Transcribe, exactly and in full, every record shown below, while omitting its images.
---------- Supplied material ----------
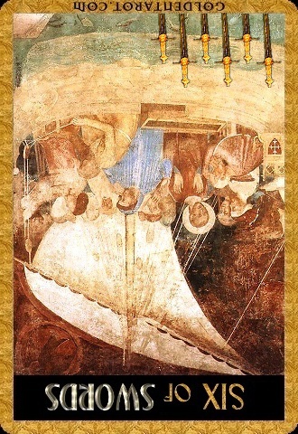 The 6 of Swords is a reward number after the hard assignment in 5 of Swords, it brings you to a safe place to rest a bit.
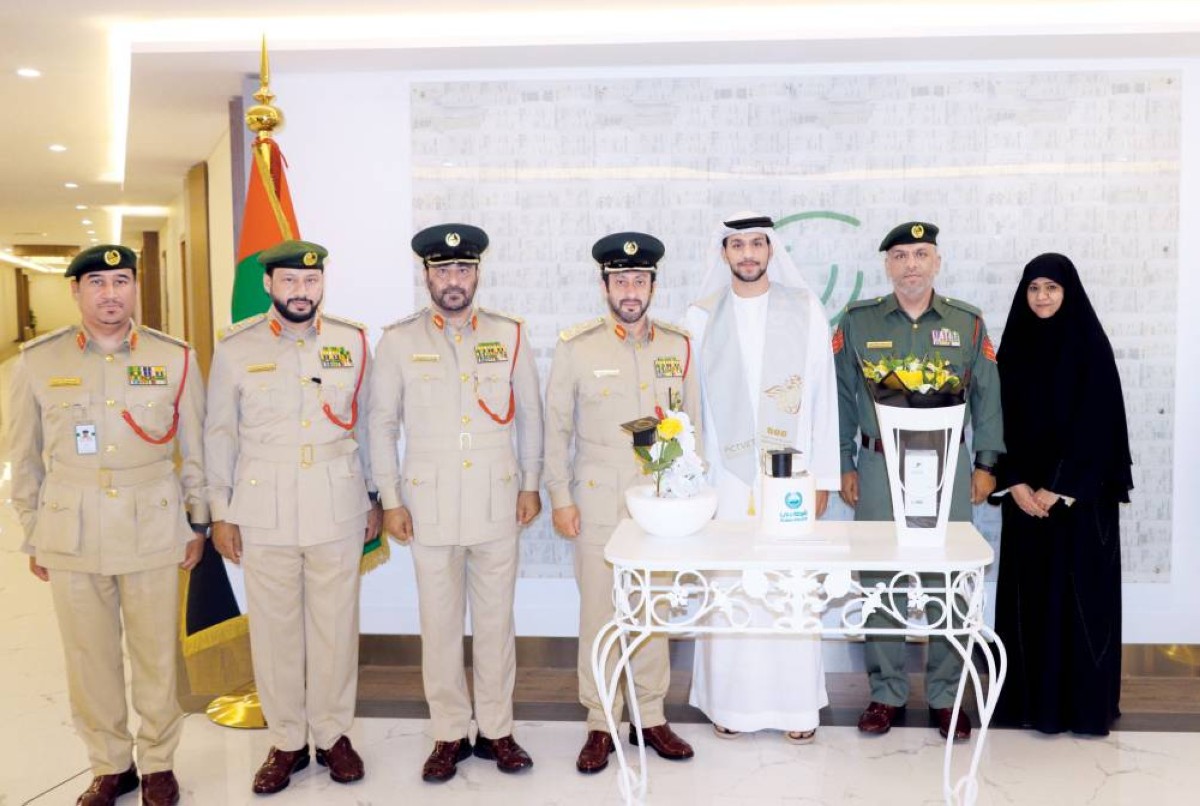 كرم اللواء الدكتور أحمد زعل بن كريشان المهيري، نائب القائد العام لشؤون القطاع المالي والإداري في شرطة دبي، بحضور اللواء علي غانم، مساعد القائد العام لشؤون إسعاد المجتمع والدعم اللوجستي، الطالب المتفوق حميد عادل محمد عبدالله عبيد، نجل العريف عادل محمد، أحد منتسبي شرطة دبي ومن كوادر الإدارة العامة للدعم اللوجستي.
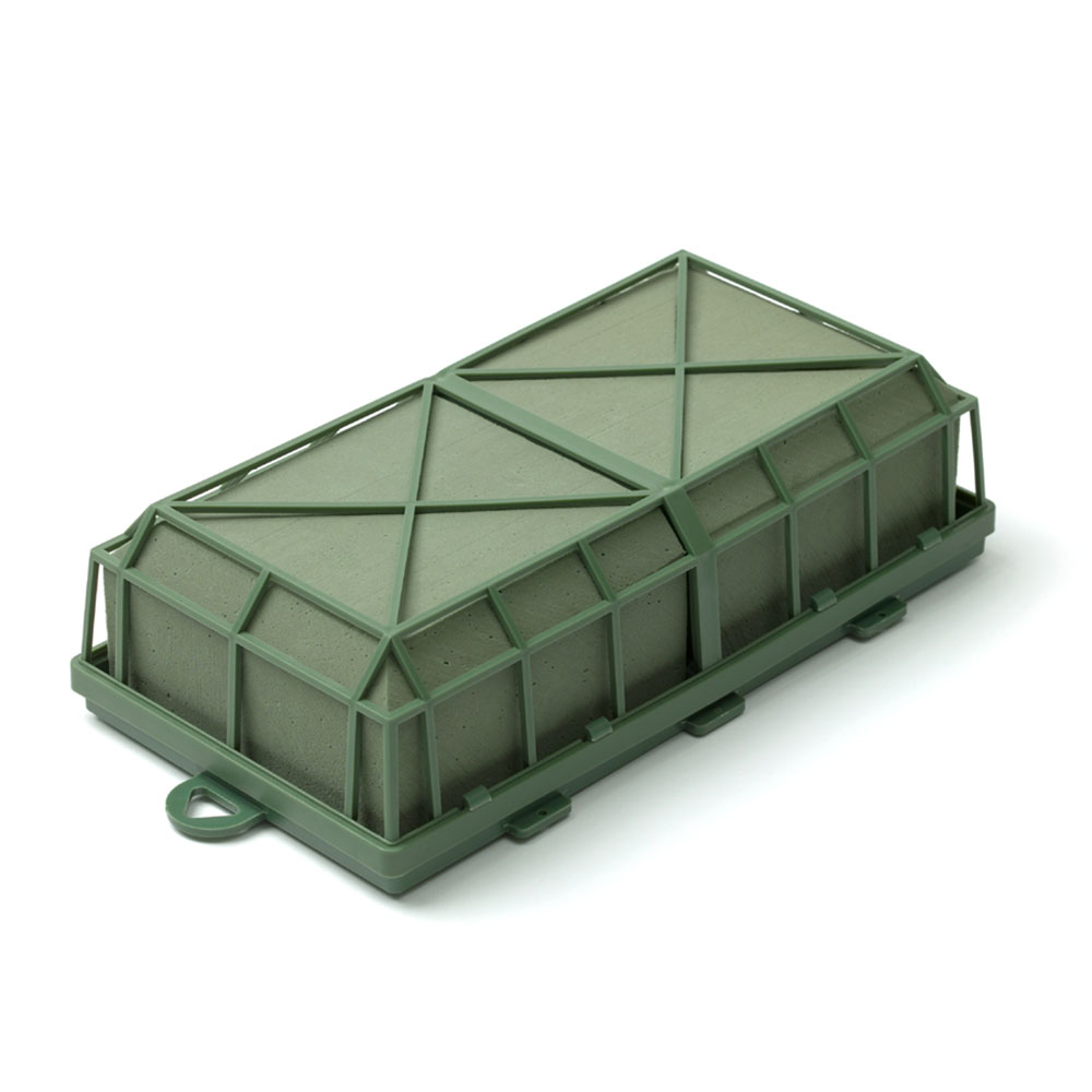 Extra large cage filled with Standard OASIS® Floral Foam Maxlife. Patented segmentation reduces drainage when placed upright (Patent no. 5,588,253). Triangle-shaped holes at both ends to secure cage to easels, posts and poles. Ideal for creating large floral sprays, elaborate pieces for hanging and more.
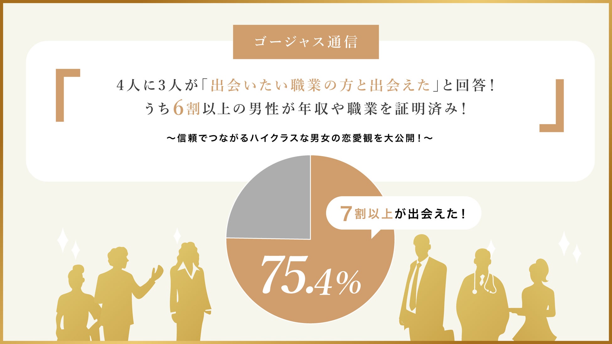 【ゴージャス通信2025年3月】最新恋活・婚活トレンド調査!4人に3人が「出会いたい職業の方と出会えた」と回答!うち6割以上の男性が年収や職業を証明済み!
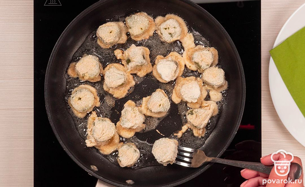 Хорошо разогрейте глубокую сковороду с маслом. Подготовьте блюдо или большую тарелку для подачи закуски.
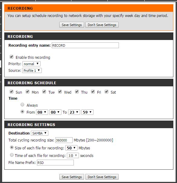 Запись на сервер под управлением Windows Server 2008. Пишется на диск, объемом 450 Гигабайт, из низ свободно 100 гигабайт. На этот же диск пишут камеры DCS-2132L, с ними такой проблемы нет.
----------
Finished task
 The 6 of Swords is a reward number after the hard assignment in 5 of Swords, it brings you to a safe place to rest a bit.
 كرم اللواء الدكتور أحمد زعل بن كريشان المهيري، نائب القائد العام لشؤون القطاع المالي والإداري في شرطة دبي، بحضور اللواء علي غانم، مساعد القائد العام لشؤون إسعاد المجتمع والدعم اللوجستي، الطالب المتفوق حميد عادل محمد عبدالله عبيد، نجل العريف عادل محمد، أحد منتسبي شرطة دبي ومن كوادر الإدارة العامة للدعم اللوجستي.
 Extra large cage filled with Standard OASIS® Floral Foam Maxlife. Patented segmentation reduces drainage when placed upright (Patent no. 5,588,253). Triangle-shaped holes at both ends to secure cage to easels, posts and poles. Ideal for creating large floral sprays, elaborate pieces for hanging and more.
 【ゴージャス通信2025年3月】最新恋活・婚活トレンド調査!4人に3人が「出会いたい職業の方と出会えた」と回答!うち6割以上の男性が年収や職業を証明済み!
 Хорошо разогрейте глубокую сковороду с маслом. Подготовьте блюдо или большую тарелку для подачи закуски.
 Запись на сервер под управлением Windows Server 2008. Пишется на диск, объемом 450 Гигабайт, из низ свободно 100 гигабайт. На этот же диск пишут камеры DCS-2132L, с ними такой проблемы нет.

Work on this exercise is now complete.